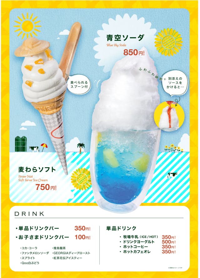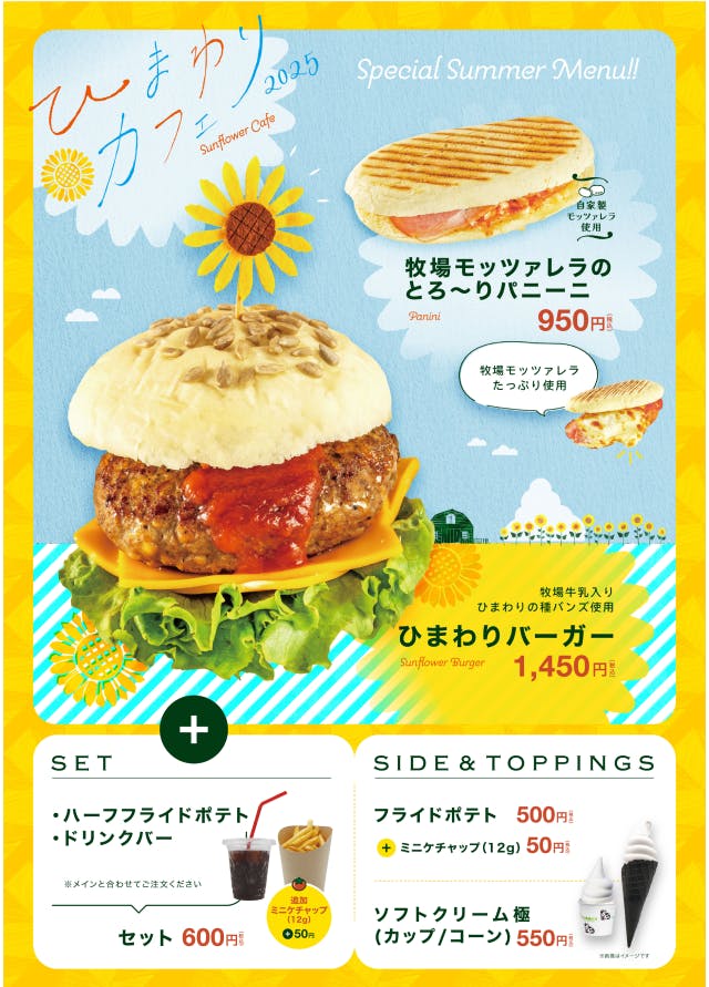 「YUMEBOKU SUMMER FESTIVAL 2025」では、見た目も可愛い夏限定メニューが登場します。牛乳入りのバンズを使った「ひまわりバーガー」や、麦わら帽子モナカが乗ったソフトクリーム、爽やかな「青空ソーダ」など、夏らしい特別な味をぜひお楽しみください。
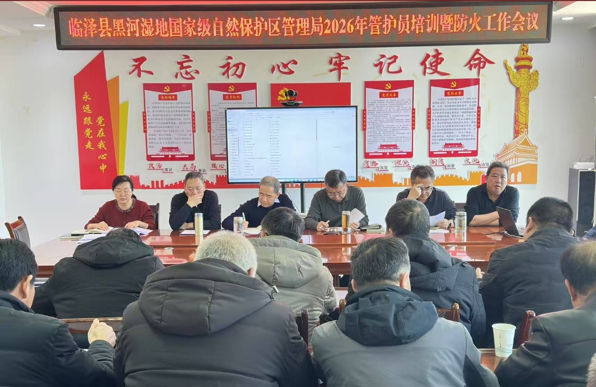2月10日上午,临泽县湿地局召开2026年度管护员培训暨节前防火会议。局分管领导、相关职能科室负责人、全县湿地及保护区管护员共40余人参加会议。
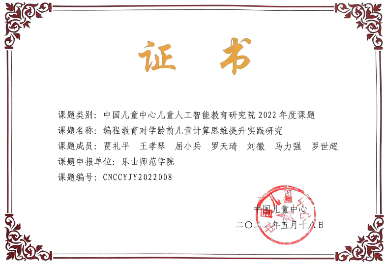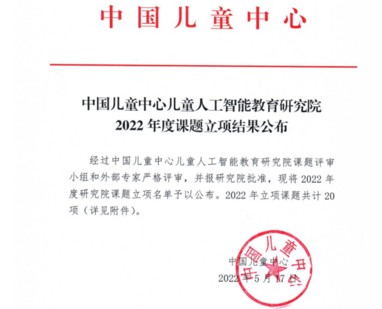 另外,近期中国儿童中心儿童人工智能教育研究院公布了2022年度课题立项结果,全国共立项课题20项,贾礼平博士申报的项目“编程教育对学龄前儿童计算思维提升实践研究”荣获立项,该项目将进一步促进学院师范专业的融合发展,提升学校和学院的知名度。中国儿童中心隶属于中华全国妇女联合会,1993年由中国儿童少年活动中心和中国儿童发展中心合并而成。中国儿童中心自成立以来,得到了党中央很多领导的高度重视和亲切关怀。今年是中国儿童中心成立40周年,习近平总书记特在“六一”国际儿童节到来前给中国儿童中心发贺信表示祝贺。
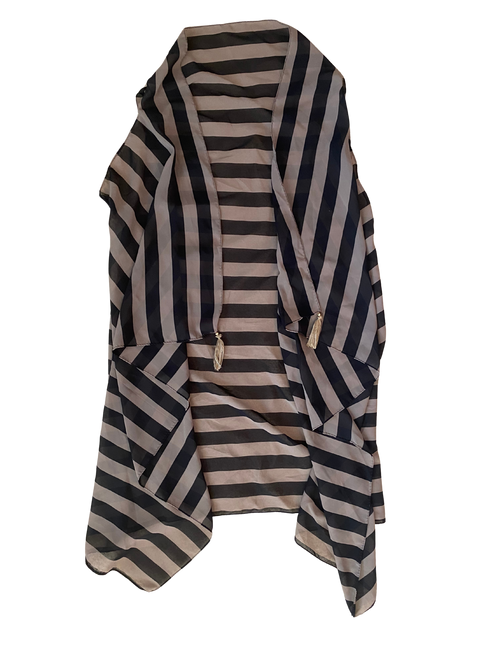 black and beige striped sheer vest
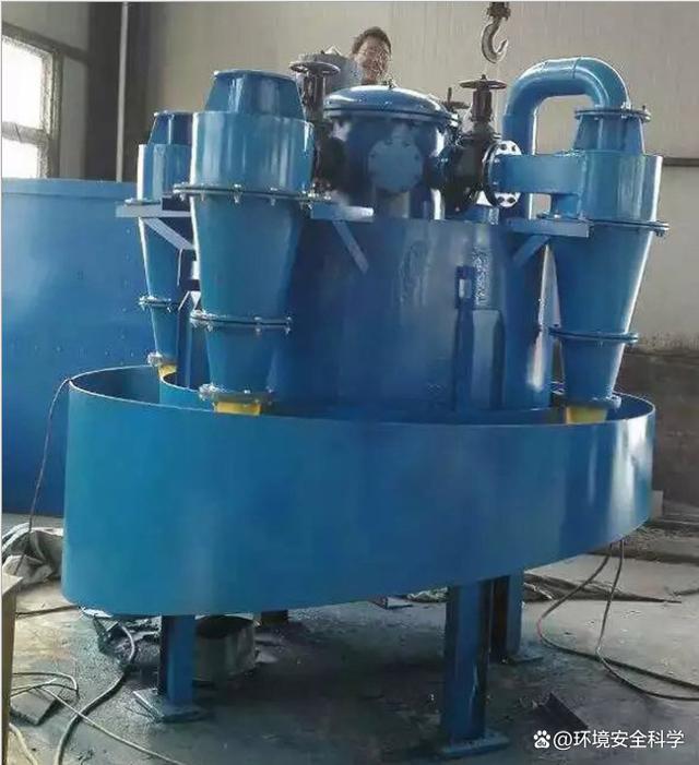 2)水力旋流器 水力旋流器的上部呈圆柱形,下部星圆锥形,圆柱体的中央插入一根溢流管,上部外侧有一与其相切的进浆管,主要用于细粒级的分级、矿浆浓缩、脱泥脱水等。
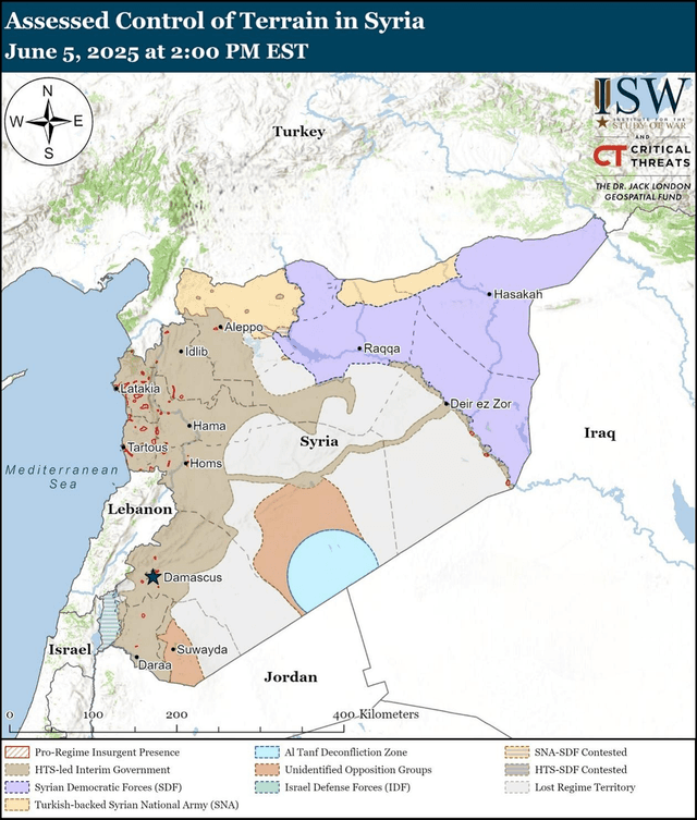 Die Feststellung zur Kontrolle in der Herkunftsregion des BF gründen sich auf die Übersichtskarte und den Ausführungen im aktuellen Länderinformationsblatt (LIB Seite 12f, 22f) und der damit übereinstimmenden, vom Institute for the study of war (ISW) erstellten Übersichtskarte vom 05.06.2025, die sowohl im Bericht Syria: Country Focus der EUAA von Juli 2025 übernommen (Seite 85) als auch im Internet (https://www.understandingwar.org/backgrounder/iran-update-june-5-2025; abgerufen am 23.10.2025) abrufbar ist. Diese Karten stellen, wie eine Einsicht in die Websites des „Carter Center“ sowie syria.liveuamap veröffentlichten Übersichtskarten zeigte, den nach wie vor aktuellen Stand dar (https://www.cartercenter.org/news/multimedia/map/exploring-historical-control-in-syria.html; Stand 01.10.2025; https://syria.liveuamap.com/; jeweils abgerufen am 23.10.2025), wobei nunmehr die Kontrolle in der Region von der syrischen Übergangsregierung ausgeübt wird, weshalb die Feststellungen dementsprechend zu treffen waren.

+-------+

**Goal of the exercise**
In the listing above, find the line containing "black and beige striped sheer vest". Output it and every line after it up to and including the line containing "2)水力旋流器 水力旋流器的", exactly, but skip the pictures.

**Response below**
 black and beige striped sheer vest
 2)水力旋流器 水力旋流器的上部呈圆柱形,下部星圆锥形,圆柱体的中央插入一根溢流管,上部外侧有一与其相切的进浆管,主要用于细粒级的分级、矿浆浓缩、脱泥脱水等。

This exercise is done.